* **Problem**: Retype the listing below line for line, but only from the line with "Dip dye staining" down to the line with "제일 최고로 느끼했던", inclusive. Pictures stay out.

* **Records shown**:

________

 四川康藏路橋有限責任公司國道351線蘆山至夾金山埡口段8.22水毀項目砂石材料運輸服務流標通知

________

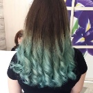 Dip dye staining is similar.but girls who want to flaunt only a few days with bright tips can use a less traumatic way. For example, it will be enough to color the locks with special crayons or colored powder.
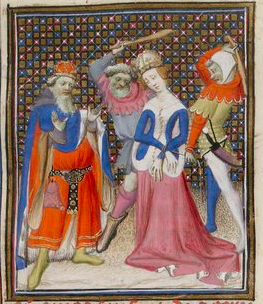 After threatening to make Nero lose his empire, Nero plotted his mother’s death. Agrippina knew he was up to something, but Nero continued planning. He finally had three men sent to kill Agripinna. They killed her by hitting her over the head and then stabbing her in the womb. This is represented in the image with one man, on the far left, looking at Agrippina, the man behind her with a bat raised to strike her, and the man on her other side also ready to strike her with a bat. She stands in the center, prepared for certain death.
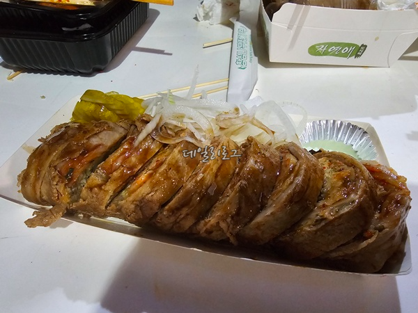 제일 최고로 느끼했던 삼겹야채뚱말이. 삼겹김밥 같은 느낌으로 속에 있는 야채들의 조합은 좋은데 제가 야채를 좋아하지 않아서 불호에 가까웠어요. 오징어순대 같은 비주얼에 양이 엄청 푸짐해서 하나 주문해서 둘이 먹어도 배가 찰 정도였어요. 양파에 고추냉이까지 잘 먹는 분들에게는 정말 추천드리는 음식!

________

* **Written reply**:
 Dip dye staining is similar.but girls who want to flaunt only a few days with bright tips can use a less traumatic way. For example, it will be enough to color the locks with special crayons or colored powder.
 After threatening to make Nero lose his empire, Nero plotted his mother’s death. Agrippina knew he was up to something, but Nero continued planning. He finally had three men sent to kill Agripinna. They killed her by hitting her over the head and then stabbing her in the womb. This is represented in the image with one man, on the far left, looking at Agrippina, the man behind her with a bat raised to strike her, and the man on her other side also ready to strike her with a bat. She stands in the center, prepared for certain death.
 제일 최고로 느끼했던 삼겹야채뚱말이. 삼겹김밥 같은 느낌으로 속에 있는 야채들의 조합은 좋은데 제가 야채를 좋아하지 않아서 불호에 가까웠어요. 오징어순대 같은 비주얼에 양이 엄청 푸짐해서 하나 주문해서 둘이 먹어도 배가 찰 정도였어요. 양파에 고추냉이까지 잘 먹는 분들에게는 정말 추천드리는 음식!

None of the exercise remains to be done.